After the final bell rang, the fight wasn’t over—at least not for the cadre of weary American wrestlers looking to get back home. Before they were able to return to Japan, then make their way back to the U.S., the North Korean government made one very unsettling request of Flair: They wanted him to read a statement basically saying that after visiting North Korea, he understood that the country could dominate the United States.

Flair refused to recite their requested language, but agreed to make a more diplomatic statement, praising this “beautiful and peaceful country” and saying, “His Excellency, Kim Il-sung, will always be with us.”

Even though it broke the all-time attendance record for a wrestling event, there wasn’t much to celebrate: In the United States, the event hadn't garnered much curiosity, and there were only scattered news reports covering its aftermath.
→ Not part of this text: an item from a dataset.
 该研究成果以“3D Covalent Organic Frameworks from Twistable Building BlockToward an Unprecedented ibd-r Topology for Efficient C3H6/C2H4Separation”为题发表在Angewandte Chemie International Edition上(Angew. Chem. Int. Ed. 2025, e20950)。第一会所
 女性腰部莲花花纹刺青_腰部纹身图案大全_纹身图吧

To the wrestlers, it was just another show. Later on that year, WCW released part of the event as a U.S. pay-per-view special titled Collision in Korea; the event drew 30,000 buys—a paltry sum in comparison to the company’s other shows. What should have been a political moment draped in neon spandex soon faded into obscurity.
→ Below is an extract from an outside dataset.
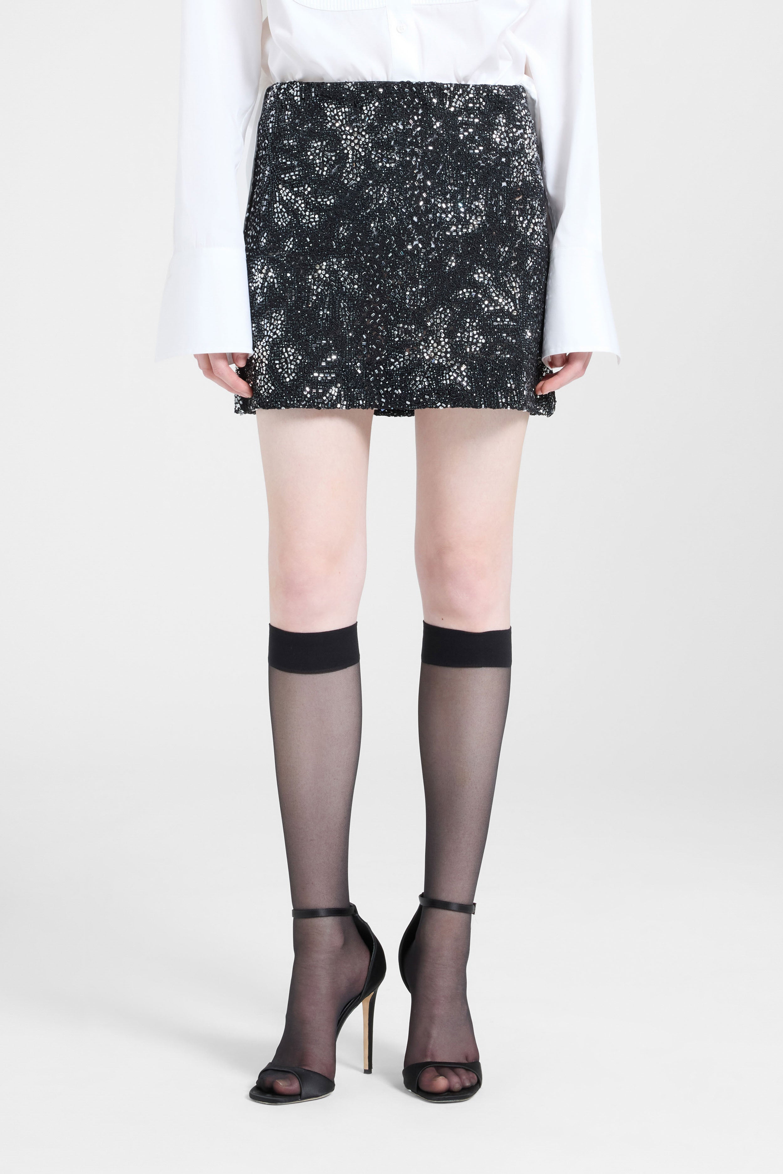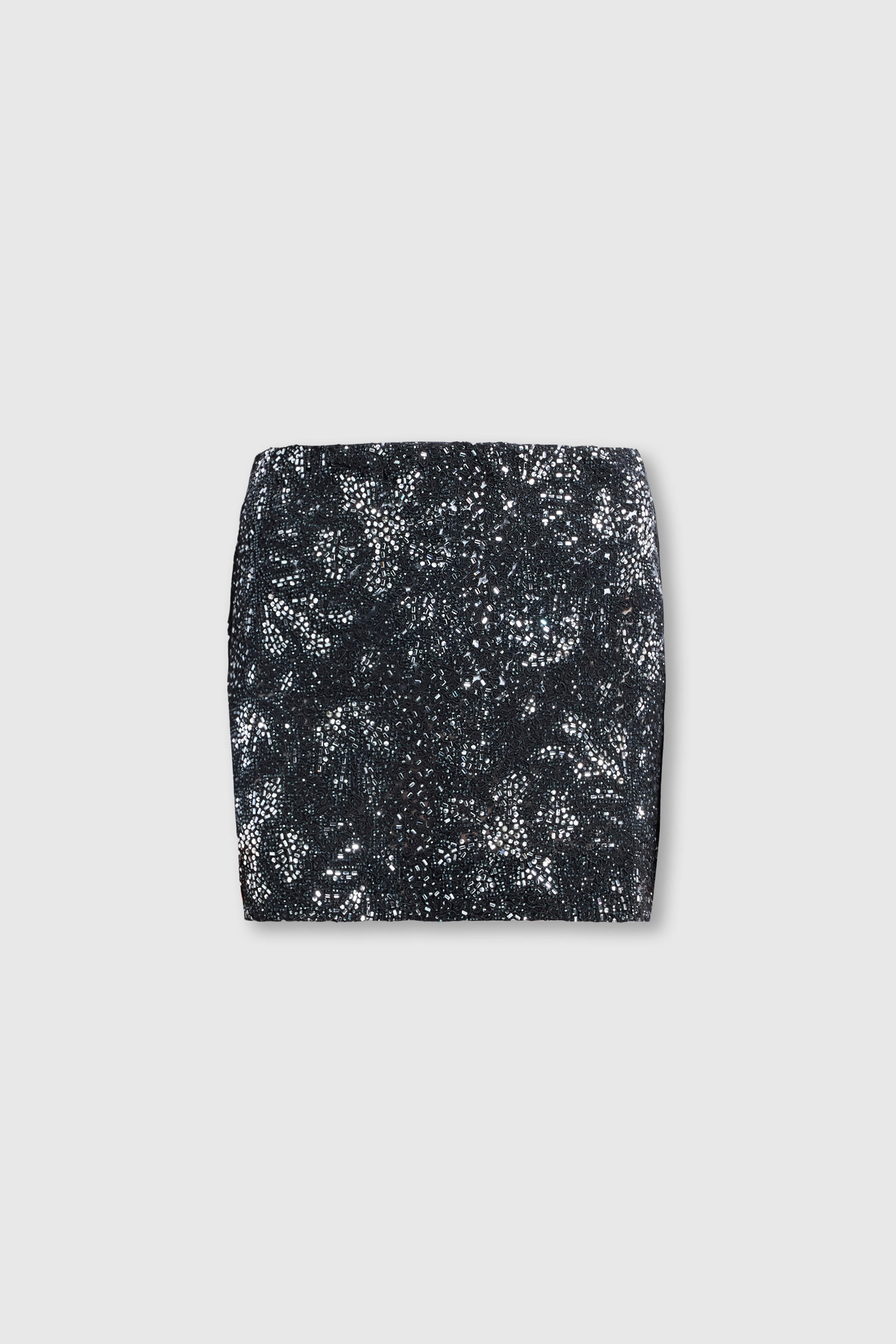 Part of the Holiday Capsule, this mini skirt captures the festive spirit with luminous elegance and refined allure. Crafted from the same fabric and workmanship as the long version, it features a clean silhouette enhanced by the sparkle of hand-applied stones and crystals, which form a delicate floral and rose motif inspired by lace. The shades of black and silver add depth and light, creating a precious three-dimensional effect. Perfect for evening looks during the festive season, it pairs beautifully with silk shirts or minimalist tops.

In 2001, McMahon’s WWE bought WCW and its tape library, yet the company rarely references the event, nor has it ever released Collision in Korea on its expansive WWE Network, which features nearly every other WCW show. There are theories about why the event seemed to disappear: WWE likes to maintain the claim that the company’s WrestleMania III, which drew (a disputed) 93,173 fans to Michigan's Pontiac Silverdome in 1987, holds one of the highest attendances for a wrestling show. Having a rival's event in North Korea basically double that number in just a single day might hurt the prestige of their own accomplishment.

According to wrestling historian Dave Meltzer, “WWE, they want to claim these records, so this kind of hurts that narrative." Bischoff was more blunt, saying the North Korea show is simply “an inconvenient fact for the branding and the positioning that the WWE is so great at.”

Despite feeling like hostages in a foreign country and wrestling to near-silence in front of a confused audience, there’s no denying the significance of the event—even if the world has seemingly forgotten all about it.

“Were they paying customers? I don’t think so,” Bischoff said. “Maybe. But the fact is, over the course of two nights, 350,000 people came to a stadium and watched professional wrestling with some of the biggest stars of the time. I think that’s a phenomenal achievement.”